Computers should not be telling humans how they’re allowed to use language. Humans should not be building programs which crush out variance and expressivity in language.

Mikalai

@artemis
Enforcement of stupid rules makes our language and lives poorer.
This time stupid rules are introduced with magic wrap of generative AI.

Mike Loukides

@artemis When I was teaching freshman writing at a very prestigious university, I had a student who had a list of words he wouldn't use because his high school English teacher told him they were commonly misused. (affect, etc...) He'd go through these awful circumlocutions to get out of using perfectly normal words.

I fear we're going to institutionalize this kind of behavior.

ohmrun

@artemis I read somewhere that neurodivergent is bad and weird, and they deserve it.
No, wait a minute, I'm neurotypical, and I don't read unless I have to.

Dimitri Fayolle 🧪🚲😷

@artemis my dad has such a poor handwriting that I was accused several times of imitating his signature on various school documents, because of how variable his actual signature was.

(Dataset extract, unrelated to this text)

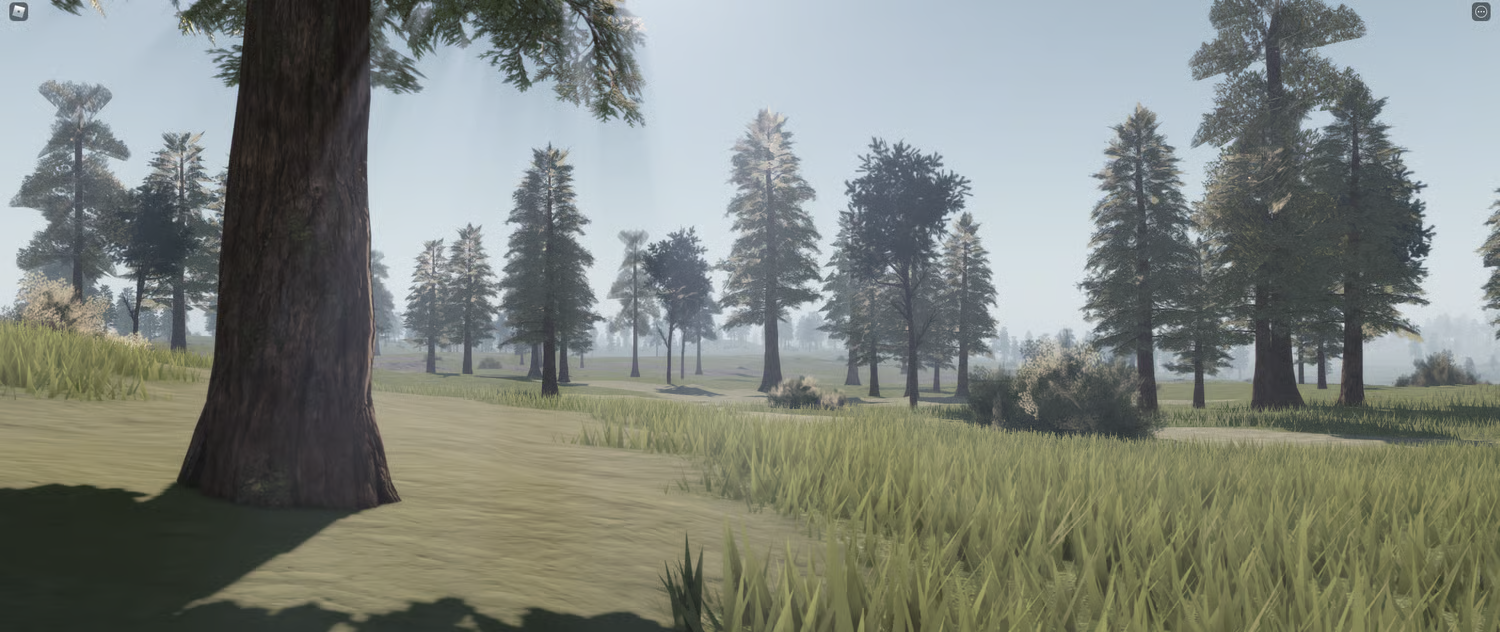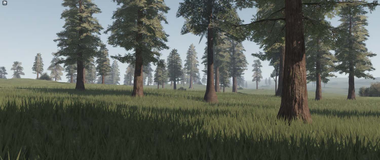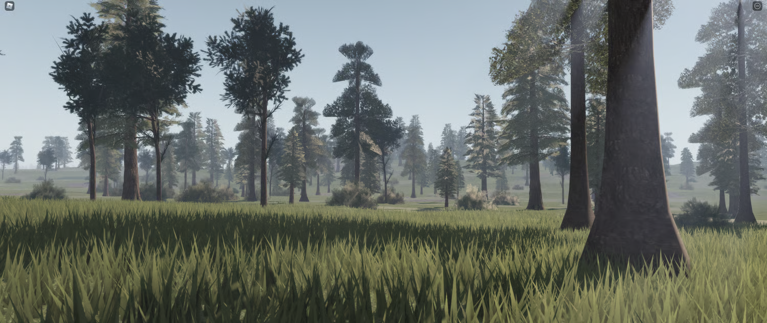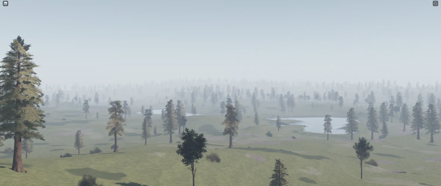 Verdant Wilds is a large-scale, realistic open world terrain map spanning 14k x 14k studs. It's built around wide open meadows, dense mixed forests, scattered ponds, rolling hills and a bright, natural lighting setup that makes the whole thing feel alive. The grass, the trees, the fog in the distance — it all holds up at ground level and from above.

Of course we turned this into an advantage at some point as schools required ridiculous amounts of stuff to be signed by parents, and they could not be arsed to do so every evening.

Artemis

@DimitriFayolle
I feel like there are some people who really, really, really just want to "catch" a kid cheating or lying just because.

The nice thing about that is that it shows you that they are not people to take seriously or care about what they think.

Dimitri Fayolle 🧪🚲😷

@artemis some of them were of this kind, and we had many conflicts.

Others were genuinely confused, just gave my dad a phone call, he said "yep, if it looks like oval crap that's probably me, I remember said homework" , end of story.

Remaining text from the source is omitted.